THE HONORABLE DAVID W. KNIGHT,
SENIOR STATUS JUDGE,
CIRCUIT COURT OF MERCER COUNTY,
Respondent
 
__________________________________________________
 
Petition for a Writ of Prohibition
 
WRIT DENIED
__________________________________________________
 
Submitted: April 29, 2009
Filed: May 14, 2009


Deborah K. Garton, Assistant Prosecuting Attorney
Mercer County Prosecuting Attorney's Office
Princeton, West Virginia
Counsel for the Petitioner

William Flanigan
Sanders, Austin Flanigan & Flanigan
Princeton, West Virginia
and
David B. Kelley
Bluefield, West Virginia
Counsel for the Respondent

The Opinion of the Court was delivered PER CURIAM.

 

SYLLABUS BY THE COURT


      1. “In determining whether to entertain and issue the writ of prohibition for cases not involving an absence of jurisdiction but only where it is claimed that the lower tribunal exceeded its legitimate powers, this Court will examine five factors: (1) whether the party seeking the writ has no other adequate means, such as direct appeal, to obtain the desired relief; (2) whether the petitioner will be damaged or prejudiced in a way that is not correctable on appeal; (3) whether the lower tribunal's order is clearly erroneous as a matter of law; (4) whether the lower tribunal's order is an oft repeated error or manifests persistent disregard for either procedural or substantive law; and (5) whether the lower tribunal's order raises new and important problems or issues of law of first impression. These factors are general guidelines that serve as a useful starting point for determining whether a discretionary writ of prohibition should issue. Although all five factors need not be satisfied, it is clear that the third factor, the existence of clear error as a matter of law, should be given substantial weight.” Syl. Pt. 4, State ex rel. Hoover v. Berger, 199 W.Va. 12, 483 S.E.2d 12 (1996).
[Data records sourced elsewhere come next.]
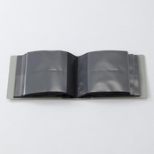 インテリアを邪魔しないシンプルなタイポグラフとアクセントに見出し金具を設えた240ポケットのカードケース。
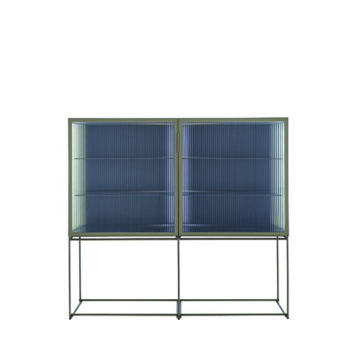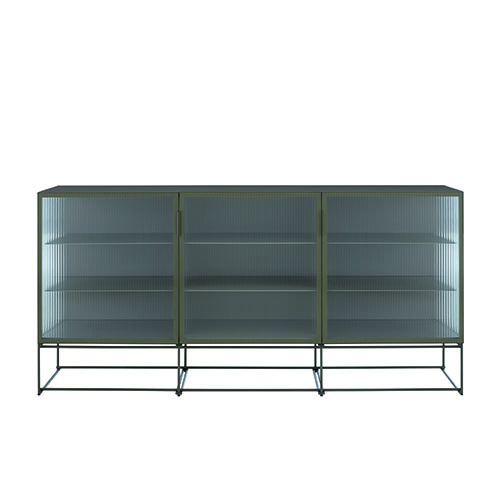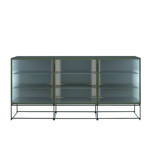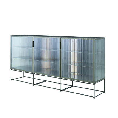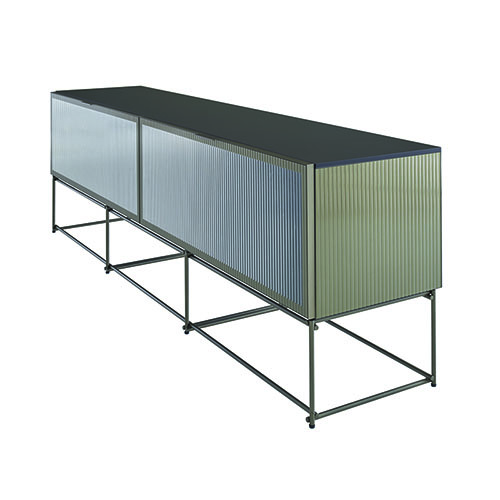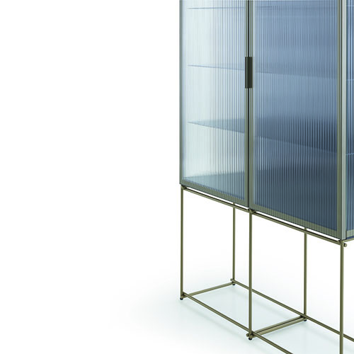 卡納雷托玻璃家具系列構(gòu)成了非常獨特的微系列產(chǎn)品。上層部分完全由玻璃制成,側(cè)面和立面由帶間隔線性圖案 的凹槽玻璃制成,交替出現(xiàn)凹陷,例如凹槽和凸脊。這種薄玻璃可以讓您看到里面擺放著物體,甚至伴隨光影您 可以猜測物體的形狀。 青銅色框下方安裝隱形組合裝置,玻璃門與陽極氧化拉絲鋁框架安裝齊平。 內(nèi)部擱板由金屬制成,薄且上漆,并在里側(cè)完全固定于柜子內(nèi)層。 內(nèi)層板布置在擱板之間。它們或用深色胡桃木貼面或上漆。 在這樣的家具中,光線極大地豐富了表現(xiàn)效果,并強化了柜門和側(cè)面的輪廓。兩種家具配有不同的照明裝置: 玻璃柜中,在四層內(nèi)層處裝有四個垂直向的熒光燈,散光燈罩霧化處理后熒光燈既不炫目,關(guān)閉時也具有觀賞 性。帶有遙控器和調(diào)光器的款式還可以降低光線強度。 餐邊柜和雙門高儲物柜,間接照明來自垂直面的背面—在面板的后邊緣上貼有一條燈帶;它照亮了兩側(cè),并生成 具有極佳視覺效果的內(nèi)部光暈。隔板和內(nèi)層的色彩增加了光線的氛圍;它也可以通過調(diào)光器進行調(diào)節(jié)。 底座是由12毫米的圓鋼制成,并使家具看上去如同竹制建筑,既牢固又輕便。它與頂部形成對比,頂部由青銅色 涂漆,為了與鋁制框架相協(xié)調(diào)。另有底托支架。根據(jù)款型不同,高度為250或500毫米。
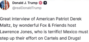 “¡México debe intensificar sus esfuerzos contra los cárteles y las drogas!”, escribió Trump en una publicación en Truth Social.
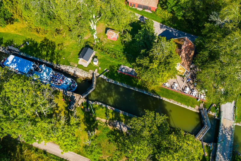 Passagerarbåt, Se slussning, Slussar & Slussning Flygbild, Foto Jesper Anhede 2019 Hajstorp Flygbild M/S Bellevue Skördefest Bildspecifikationer
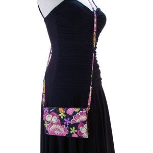 VERA BRADLEY Black/Pink Floral Quilted Cotton Crossbody Wallet Organizer - MINT
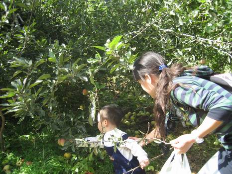 咦?这个苹果矮,我要自己摘!
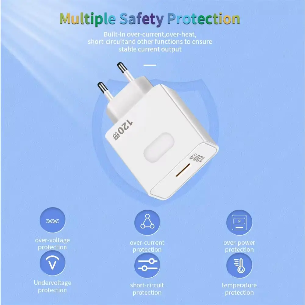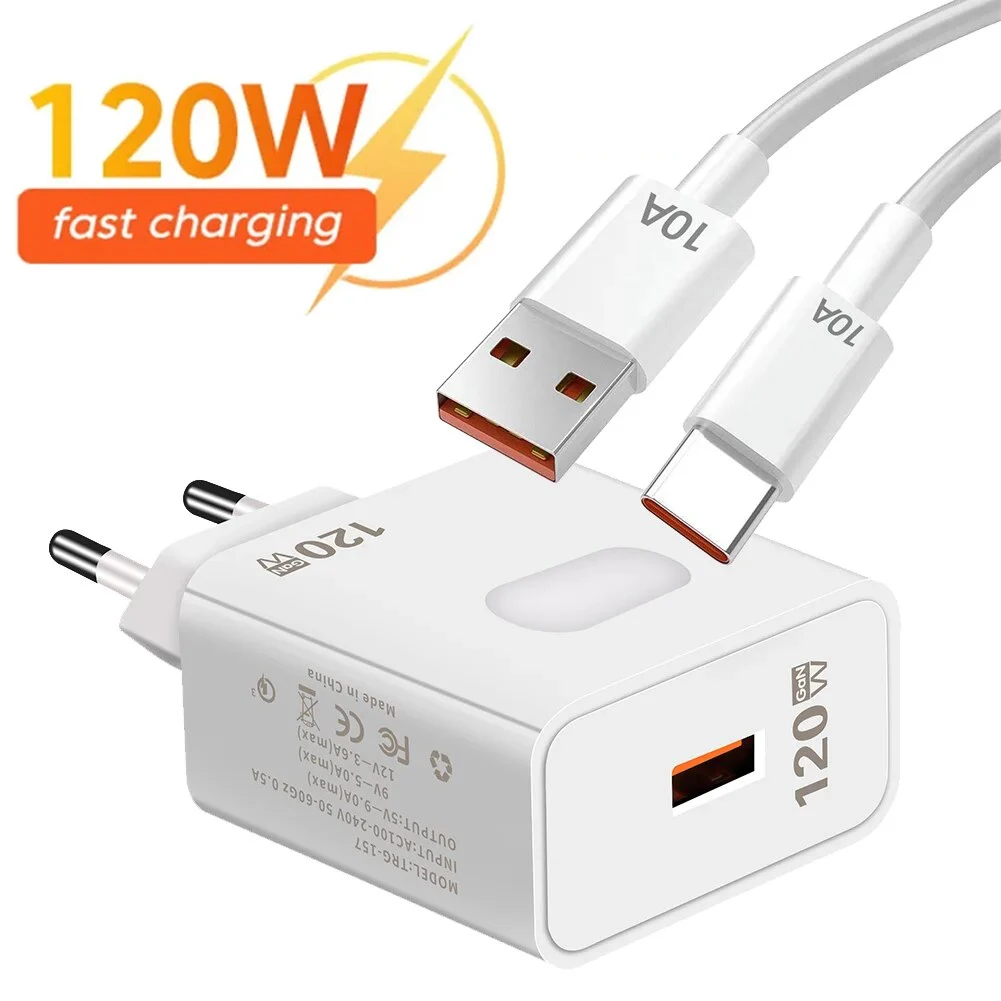 Cargador USB GaN de 120W, adaptador de cargador de teléfono móvil QC 3,0 para iPhone, Samsung, Xiaomi, Huawei, 10A, Cable tipo C, cargador de pared rápido USB
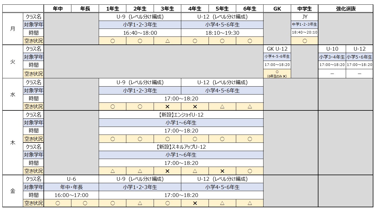 事務局からのお知らせ,追浜校,年中,年長,小1,小2,小3,小4,小5,小6,中1,中2,中3,GK,女子
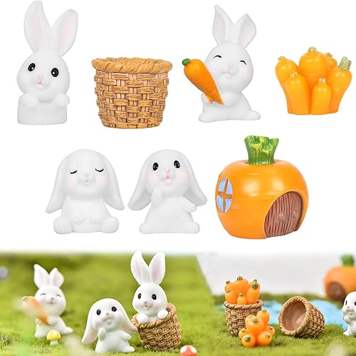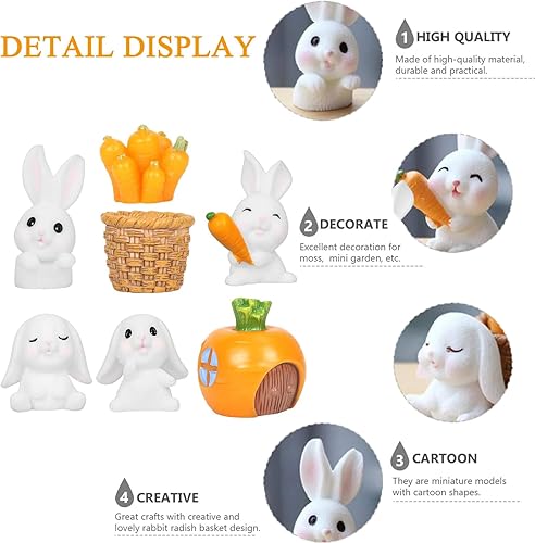 Mini Figurines de Lapin,Miniature Lapin Ornement Figurine,Résine Miniature Lapin Ornement,Décorations de Lapin de Pâques,Carotte en Résine Dessin Animé Décoration Table pour Fée Jardin Paysage Pâque
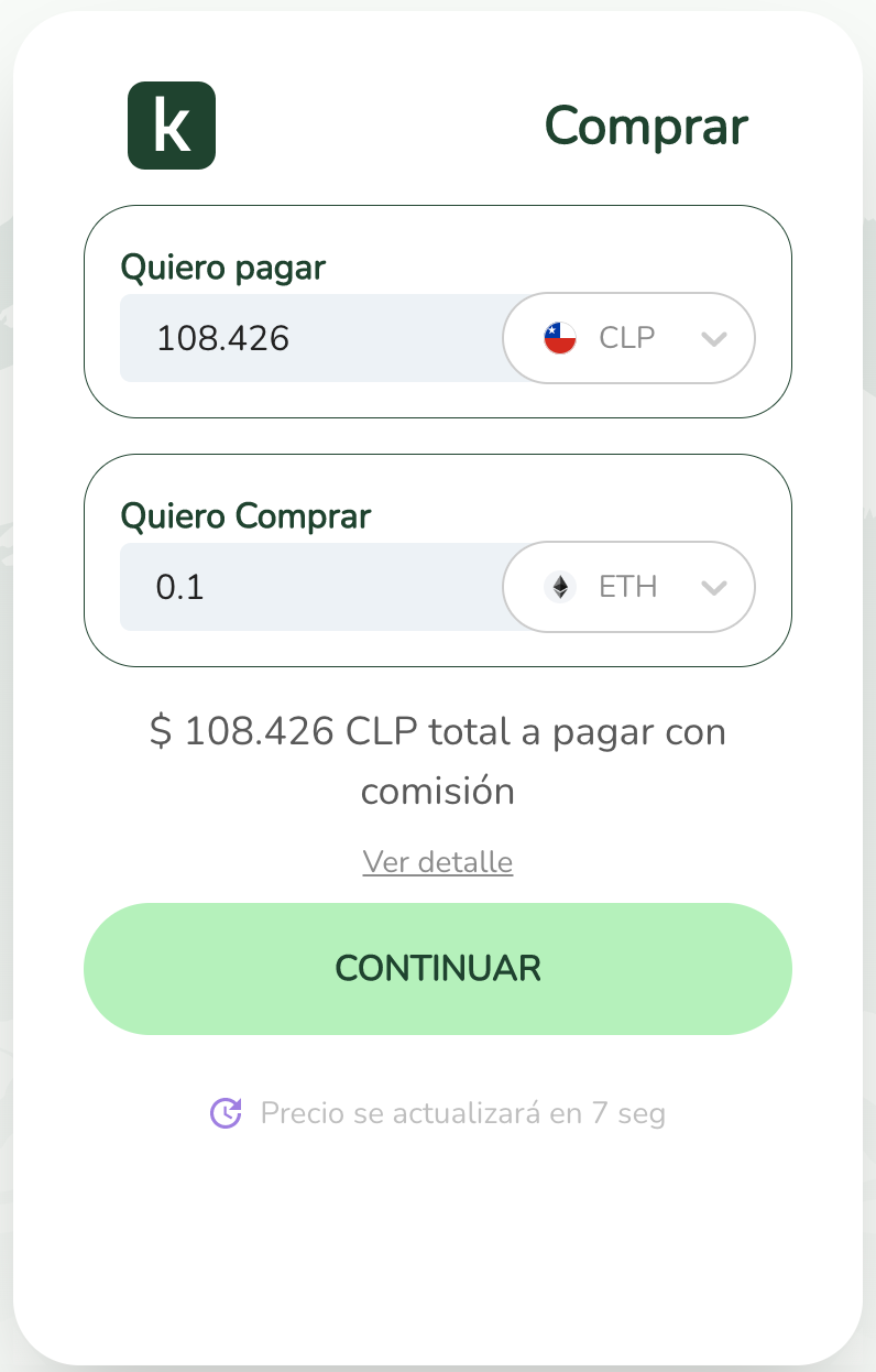 En todo momento del flujo podrás ver exactamente cuánto estás pagando y cuánto recibirás, así como el detalle de las comisiones al hacer click en Ver Detalle.

      2. “In order for a trial court to determine whether to grant a party's request for additional physical or psychological examinations, the requesting party must present the judge with evidence that he has a compelling need or reason for the additional examinations.
In making the determination, the judge should consider: (1) the nature of the examination requested and the intrusiveness inherent in that examination; (2) the victim's age; (3) the resulting physical and/or emotional effects of the examination on the victim; (4) the probative value of the examination to the issue before the court; (5) the remoteness in time of the examination to the alleged criminal act; and (6) the evidence already available for the defendant's use.” Syl. Pt. 3, State v. Delaney, 187 W.Va. 212, 417 S.E.2d 903 (1992).



Per Curiam:

      On behalf of Petitioner J.W., (See footnote 1) the State seeks a writ of prohibition to prevent the Circuit Court of Mercer County from enforcing its orders of January 27 and February 3, 2009, which require J.W., the alleged victim of multiple traumatic sexual assaults, to undergo a pelvic examination. Based on Petitioner's age and the gynecological nature of the examination, the State seeks to prevent the examination from transpiring. Jason Wilson, one of the alleged perpetrators of the sexual assaults at issue (See footnote 2) and the brother of J.W., argues that he has demonstrated the requisite compelling need for the examination at issue. Upon our review of the record in this case in conjunction with applicable law, we find that the trial court did not exceed its authority in directing that Petitioner undergo a limited physical examination. Accordingly, we find no basis for issuing the requested writ of prohibition.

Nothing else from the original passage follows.